Rs. 1,800 crores sales of which at least 35% to 40% should come from the new launches. “Acquisition of close to 23 million square feet and aggressively looking at acquisitions and you will see this momentum continue for next at least 12-18 months going forward.”

Targeting around Rs. 1,800 crores of pre-sales and some Rs. 28,000 crores of sales from the projects which are undertaken for many years to come. ( specifically 8 to 9 years because these are all projects which are like 50 acres, 100 acres and 150 acres i.e. Naigaon, it is 150 acres. 50 acres in Vasai and more than 50 acres in Shahad Kalayan)

Management talks about aggressive approach, maintaining balance sheet and nominal debt i.e. funding new acquisitions or JDA through internal accurals.

Accounting Methods

In project completion method you recognize the revenue and everything at the completion whereas some of the administrative costs and advertisement and marketing costs are accounted in the current year itself irrespective of the project getting completed or not. That eats into the profits of maybe the other projects but going forward because it will get balanced once every year the projects will be getting completed.
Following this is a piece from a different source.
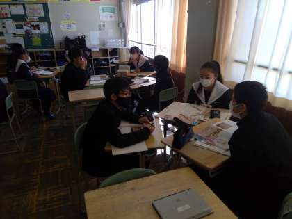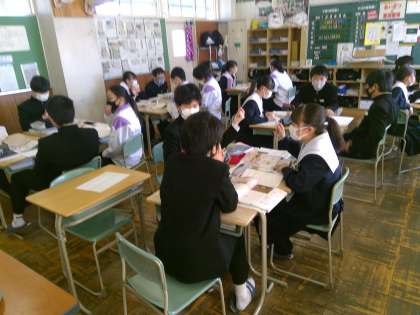 歴史の授業では貴族中心の世の中から武士中心の時代へのうつりかわりを学んでいます。武士が力をつけるきっかけとなった出来事について資料を使って学び合いを深めました。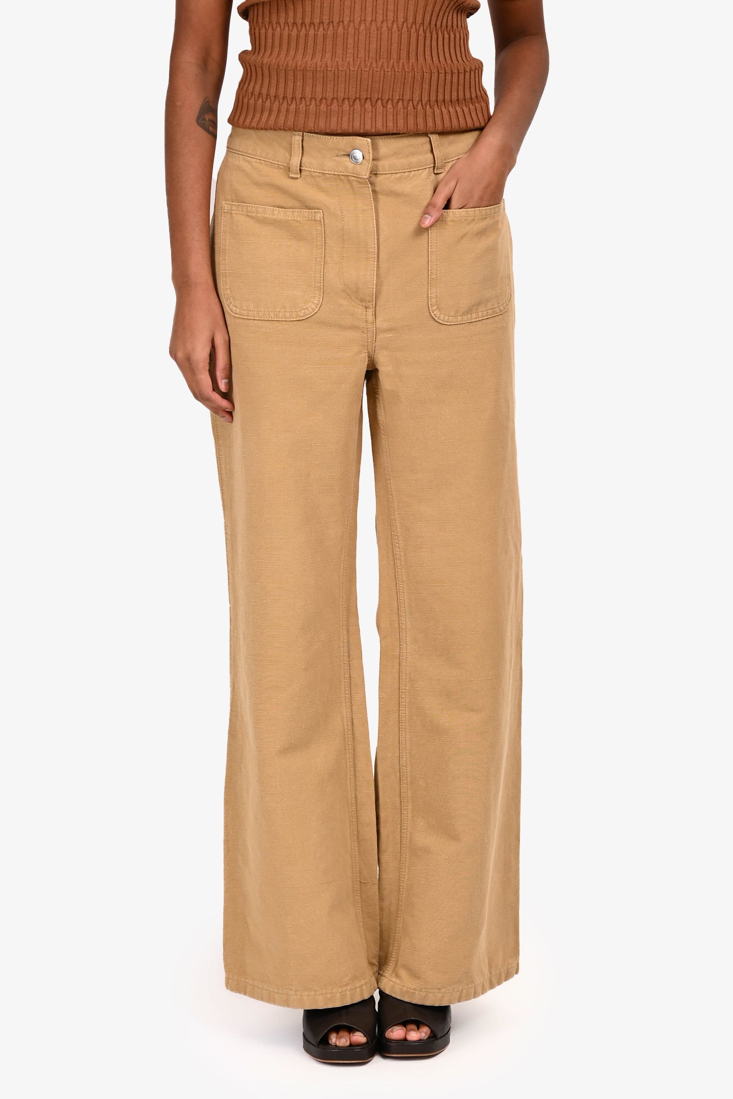 Refresh availabilityLoro Piana Brown Denim Wide Legged Jeans. Pull-on. Front zip with button closure. Waistband belt loops. 4 exterior pockets; 2 front slip, 2 rear slip. Silver-tone hardware. Tonal stitching.

Customer advances are now getting booked into the balance sheet because of that the other current liabilities have gone up because earlier what used to happen is that customer advances used to get amortized.

Cash Position and Capital requirement

We don't need cash in spite of our acquisitions and that we are maintaining that we will continue to maintain our debt levels similar in spite of new acquisitions that is our strategy. We are hungry for the growth and we will continue to grow.”

No need to raise new capital i.e. to form a low debt high growth model. As the entire industry is going through tailwinds pre sales and collections will continue to pump the cash which will be used for further development and acquisitions. “The moment we do pre-sales, we are cash positive almost in every project what we launch.”

Approval and delivery cycle

It takes at least 6 to 9 months for approvals. “3 out of the 4 which is Andheri project which is Sunteck Crest and the BKC-2 junctions projects which are on the both the junctions of BKC, it is Sunteck Icon and Sunteck BKC51. All three these projects are almost 80%-90% complete. All the slabs are almost done. And I think we are very confident at least these three projects will be delivered in this current financial year itself and Pinnacle also maybe early next financial year.”

Sales and Interest rate cycle

“In spite of increasing the prices by 5%-10% across all our projects which gives more profit and it also absorbs the inflation of the increase in construction cost.”

The majority of companies reported best numbers in last 10-12 years. The main reason for it being the robust demand. It is very difficult to catch the top of demand cycle and I feel if we are not at peak but somewhere near the peak. As more players enter the field and inflation high interest cycle the cyclical trend may revert back. It is much better to observe for a few more quarters and see how demand supply cycle tend to go.

Disclaimer – Views are personal. This is just for educational purpose.